(AVAILABLE DATA Opens)

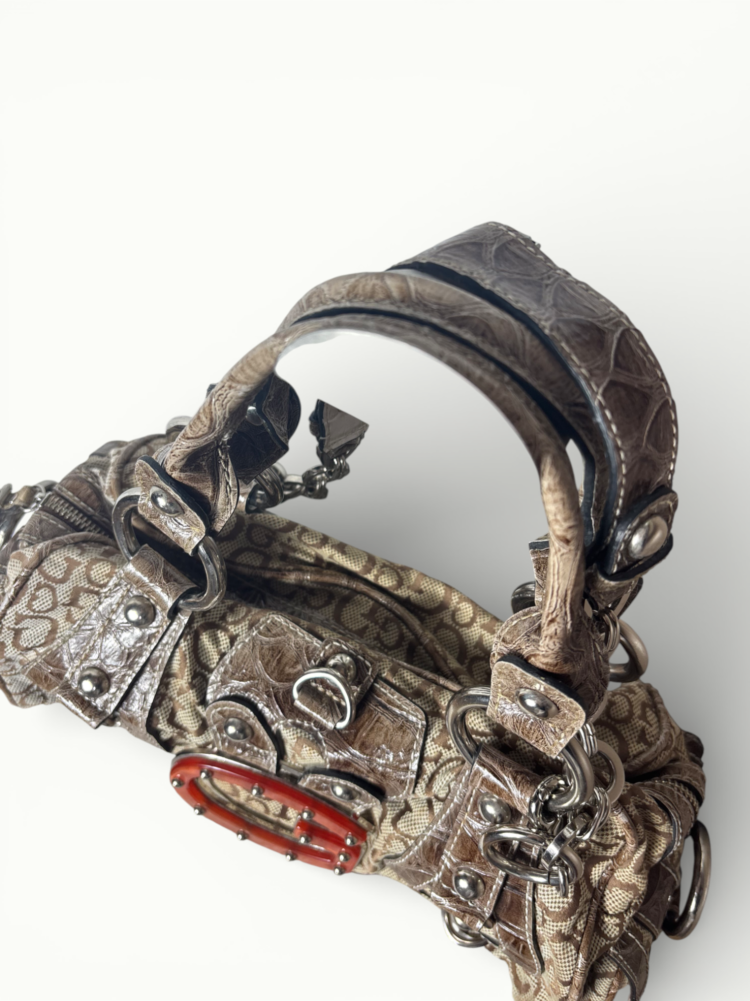 Designed with croc-effect leather trims, metallic hardware, and multiple decorative buckle details, this bag perfectly captures the early 2000s Y2K aesthetic. A true statement piece that adds character to any outfit, whether casual or dressed up.
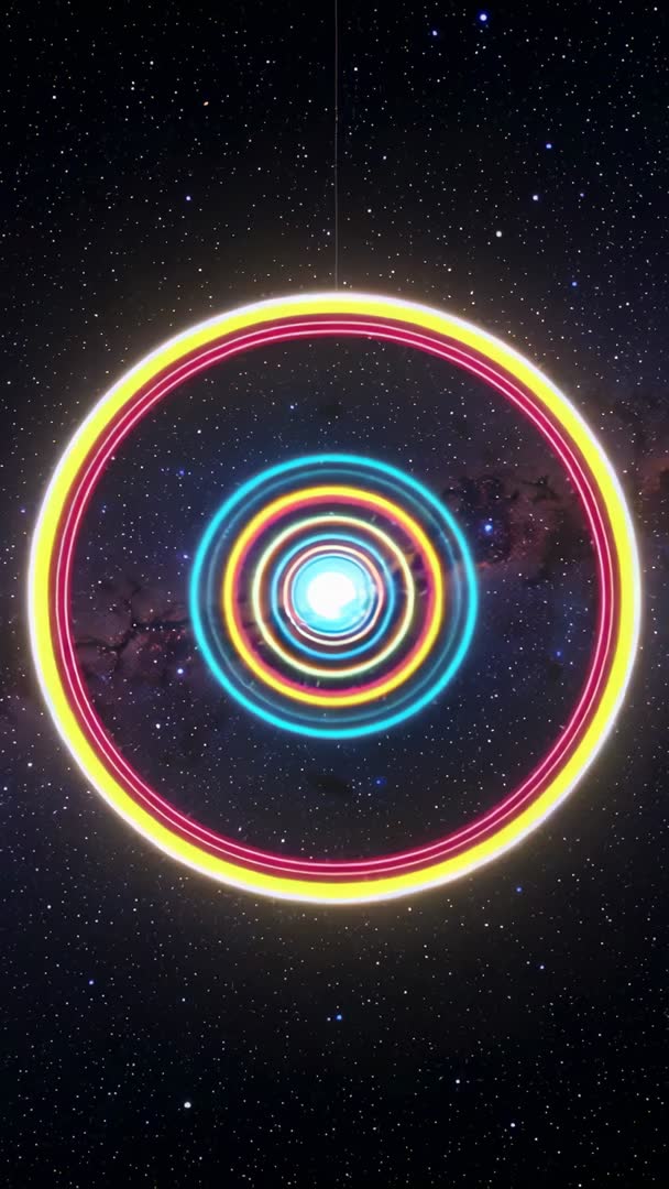 AI Generated Image. Showing glowing orb brightening against deep starfield while concentric neon rings expand and pulse in vivid cyan, magenta and yellow hues. Featuring seamless radial loop and slow inward animation suited for vertical video formats (9:16). Serving as futuristic backdrop for social media stories, TikTok, Reels, music visualizers, sci-fi title intros, app splash screens, event projection and VJ performance loops. Working well for tech product promos, electronic music content, meditation visuals, branding reels and UI motion tests. Offering high contrast and hypnotic motion that draws attention in short-form video and live visuals. Allowing easy color grading and audio-reactive syncing for customization. Looping perfectly for 5-30 second clips or extended ambient playback, export-ready for web and mobile delivery.
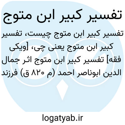 [ویکی فقه] تفسیر کبیر ابن متوج (ابهام زدایی). تفسیر کبیر ابن متوج ممکن است عنوان برای کتاب ها و تفاسیر ذیل باشد: • تفسیر کبیر ابن متوج (جمال الدین احمد)، اثر جمال الدین ابوناصر احمد (م ۸۲۰ ق) فرزند عبداللّه بن متوج بحرانی معروف به ابن متوج، از مفسران شیعه• تفسیر کبیر ابن متوج (فخرالدین احمد)، اثر فخرالدین احمد (م ق ۸۳۶ ق) فرزند عبداللّه متوج بحرانی، از مفسران شیعه، نوه جمال الدین احمد
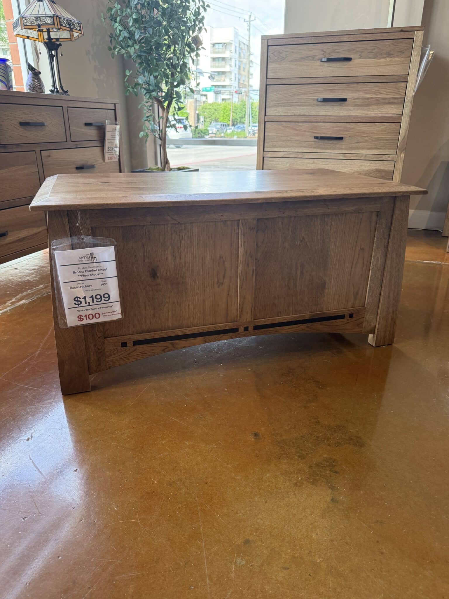 WOOD: Rustic Hickory STAIN: A00 DIMENSIONS: 44″ W x 22 1/2″ D x 22″ H FEATURES: Cedar Bottom
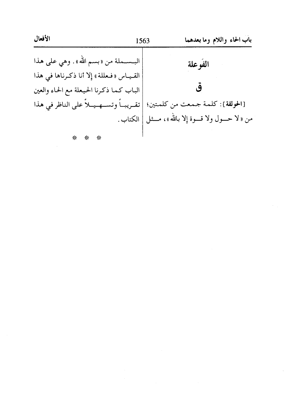 [الحولقة]: كلمة جمعت من كلمتين؛ من «لا حول ولا قوة إِلا بالله»، مثل البسملة من «بسم الله». وهي على هذا القياس «فعللة» إِلا أنا ذكرناها في هذا الباب كما ذكرنا الحيعلة مع الحاء والعين تقريباً وتسهيلًا على الناظر في هذا الكتاب.
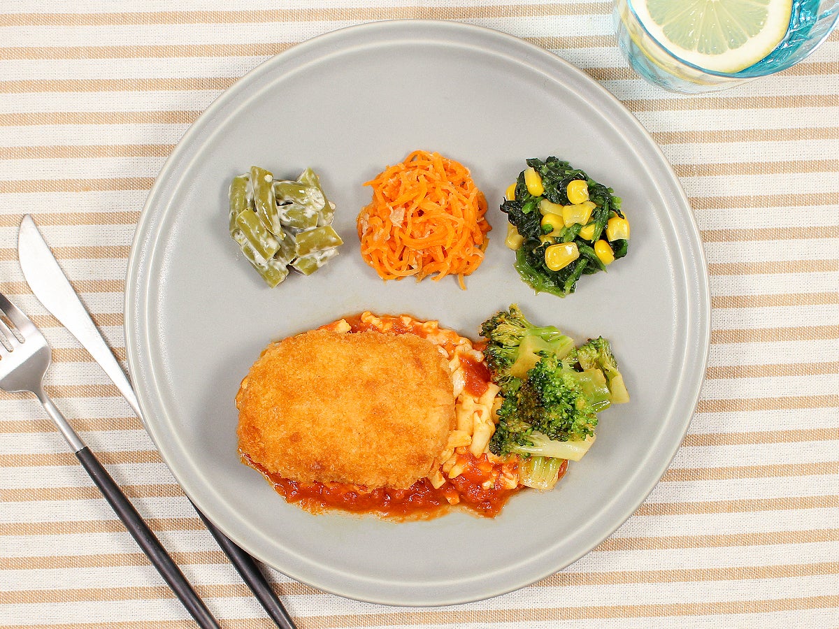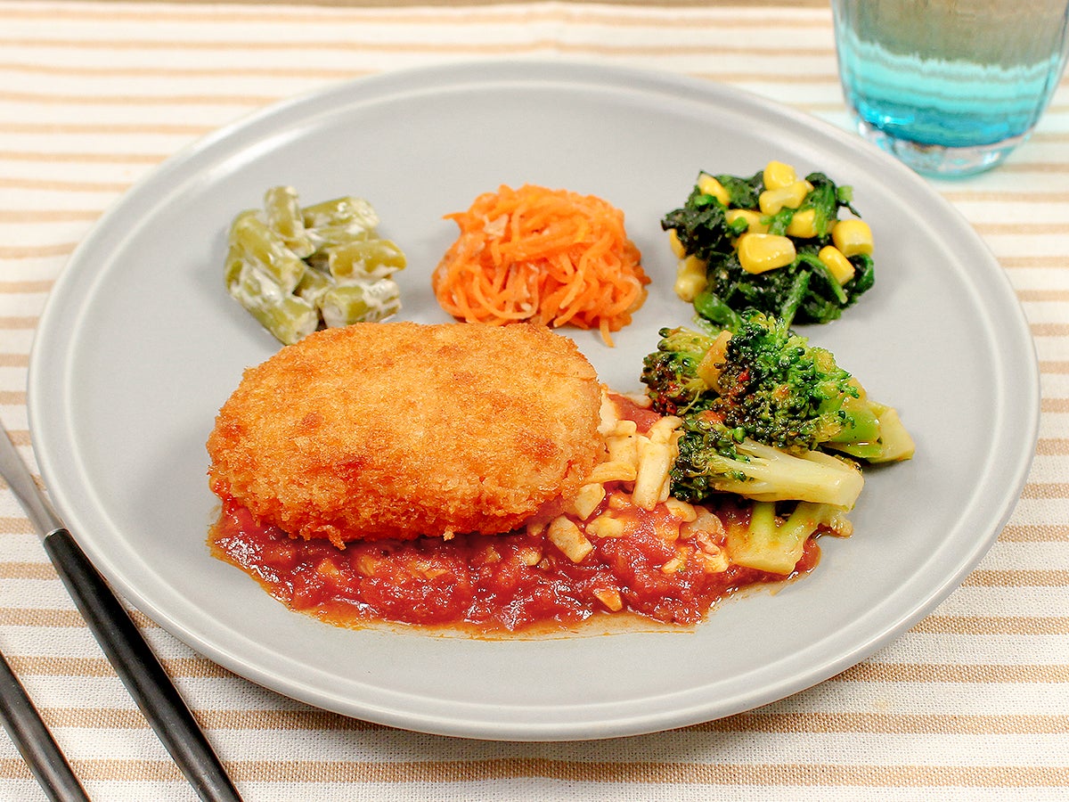 人気メニューがリニューアル!クリームコロッケのおいしさはそのままに、濃厚なチーズと爽やかな酸味のトマトソースが、より絡むように見直しました!クリームコロッケと一緒にすくって食べていただくのがおすすめです。副菜は、インゲンタルタル、ツナが入ったキャロットラペ、ほうれん草とコーンのソテーです。
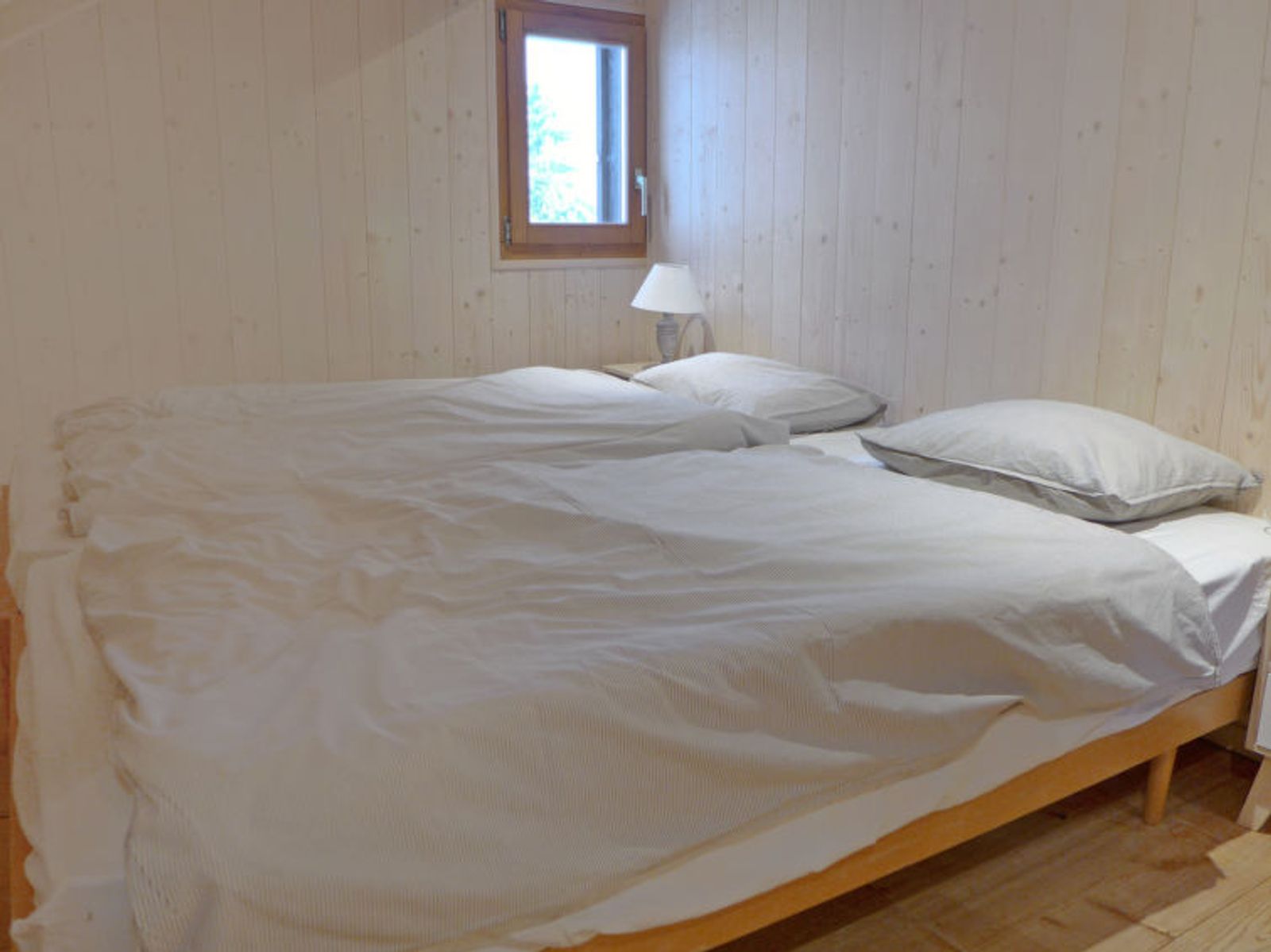 "Chalet de la Vue des Alpes", 3-room chalet 80 m2 on 2 levels. Partly with sloping ceilings, rustic and cosy furnishings: open living/dining room with dining nook, TV, flat screen, radio and hi-fi system. Exit to the garden, to the terrace. Open kitchen (oven, dishwasher, 4 ceramic glass hob hotplates, freezer, electric coffee machine, Capsules for coffee machine (Nespresso) extra, raclette grill, fondue Set (cheese)). Sep. WC. Solar energy heating. On the lower ground floor: shower. Upper floor: (steep stair), 2 small rooms with sloping ceilings, each room with 1 double bed. 1 open room with sloping ceilings with 2 beds (90 cm, length 200 cm). Large patio. Terrace furniture, deck chairs (2). Very beautiful panoramic view of the lake, the mountains, the valley and the countryside. Facilities: Internet (WiFi, free). Please note: non-smokers only. TV with Zattoo. CH47699
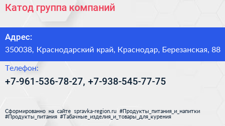 Катод, группа компаний по адресу 350038, Краснодарский край, Краснодар, Березанская, 88 в дальнейшем Организация, размещена в следующих категориях:
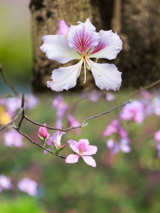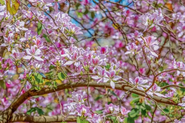 禾雀花、蘭花螳螂、杜鵑花、紫荊花、黃花風鈴木、宮粉紫荊、

(AVAILABLE DATA Closes)

**DESCRIPTION OF THE TASK:**
Give again, word for word, the lines above from the one with "Катод, группа компаний" through the final line of the data, both ends included. Do not copy any picture.

**EXERCISE SOLUTION:**
 Катод, группа компаний по адресу 350038, Краснодарский край, Краснодар, Березанская, 88 в дальнейшем Организация, размещена в следующих категориях:
 禾雀花、蘭花螳螂、杜鵑花、紫荊花、黃花風鈴木、宮粉紫荊、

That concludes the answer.